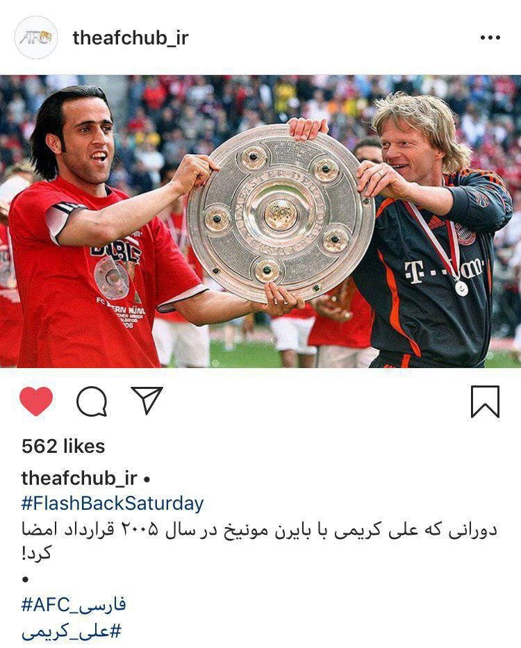 صفحه فارسی اینستاگرام کنفدراسیون فوتبال آسیا عکسی از علی کریمی در دوران بازی در بایرن مونیخ منتشر کرد.
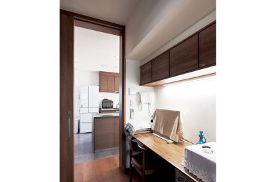 キッチンは娘さんと一緒でも使いやすいアイランド型に。ガスコンロを壁側に配置したことで、レンジフードも壁付けでき、キッチンの上がすっきり。隣に家事室を設けて、奥様の作業スペースをまとめました。大きなモノの収納場所としても活躍しています。
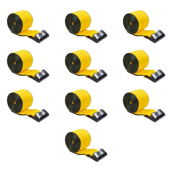 Winch Straps 4 inx 20 ft Yellow Heavy Duty Tie Down w/Flat Hooks WLL# 5400 lbs, 10PK

- _WORK INSTRUCTIONS_:
Return only the lines from the start of the data through the line that contains "キッチンは娘さんと一緒でも使", please, copying them exactly and omitting all pictures.

- _ANSWER TO THE PROBLEM_:
 صفحه فارسی اینستاگرام کنفدراسیون فوتبال آسیا عکسی از علی کریمی در دوران بازی در بایرن مونیخ منتشر کرد.
 キッチンは娘さんと一緒でも使いやすいアイランド型に。ガスコンロを壁側に配置したことで、レンジフードも壁付けでき、キッチンの上がすっきり。隣に家事室を設けて、奥様の作業スペースをまとめました。大きなモノの収納場所としても活躍しています。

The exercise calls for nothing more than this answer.